── Data provided ──

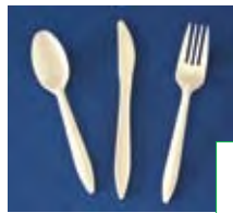
a plastic spoon, fork and knife
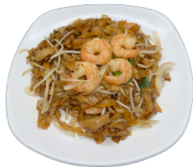
虾仁河粉 Shrimp Chow Fun $22.95
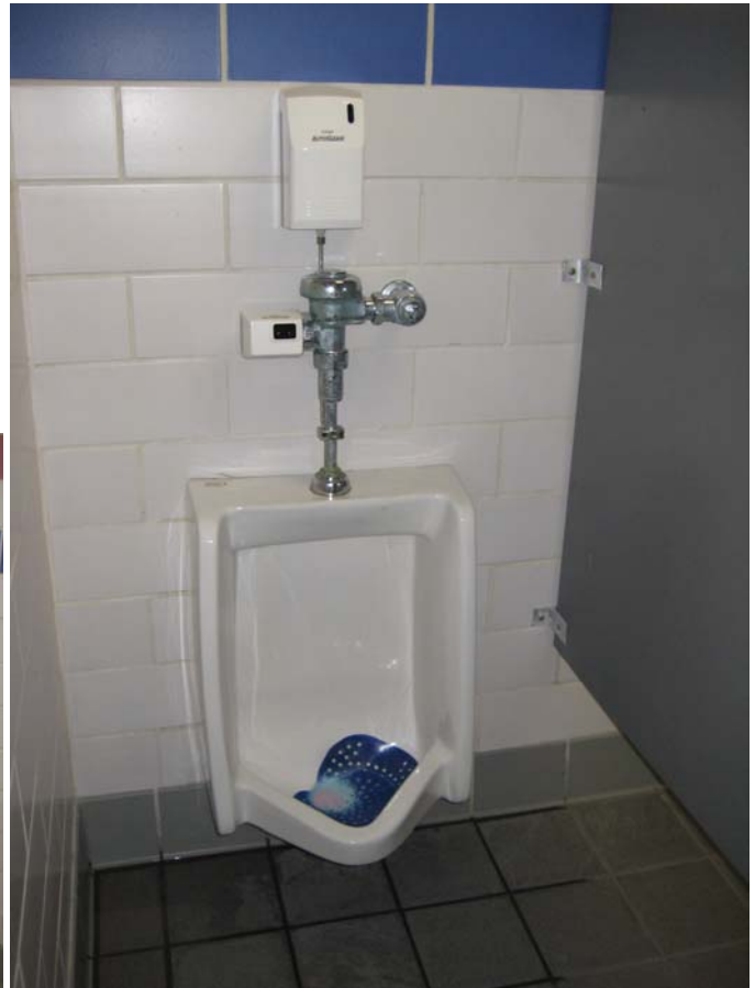
Figure 2: Men's urinal.
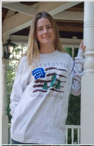
T-shirt with Flag Logo $10- $20 Long or Short Sleeves, Grey or White Sizes from Small to 2X.

Items can be purchased at Pineknotter Days. They are also available each day at the borough office during regular business hours.

───

*What needs to be done*
Using the entries above, restate word for word every line from the one that contains "T-shirt with Flag" through the last.

*Output of the exercise*
T-shirt with Flag Logo $10- $20 Long or Short Sleeves, Grey or White Sizes from Small to 2X.

Items can be purchased at Pineknotter Days. They are also available each day at the borough office during regular business hours.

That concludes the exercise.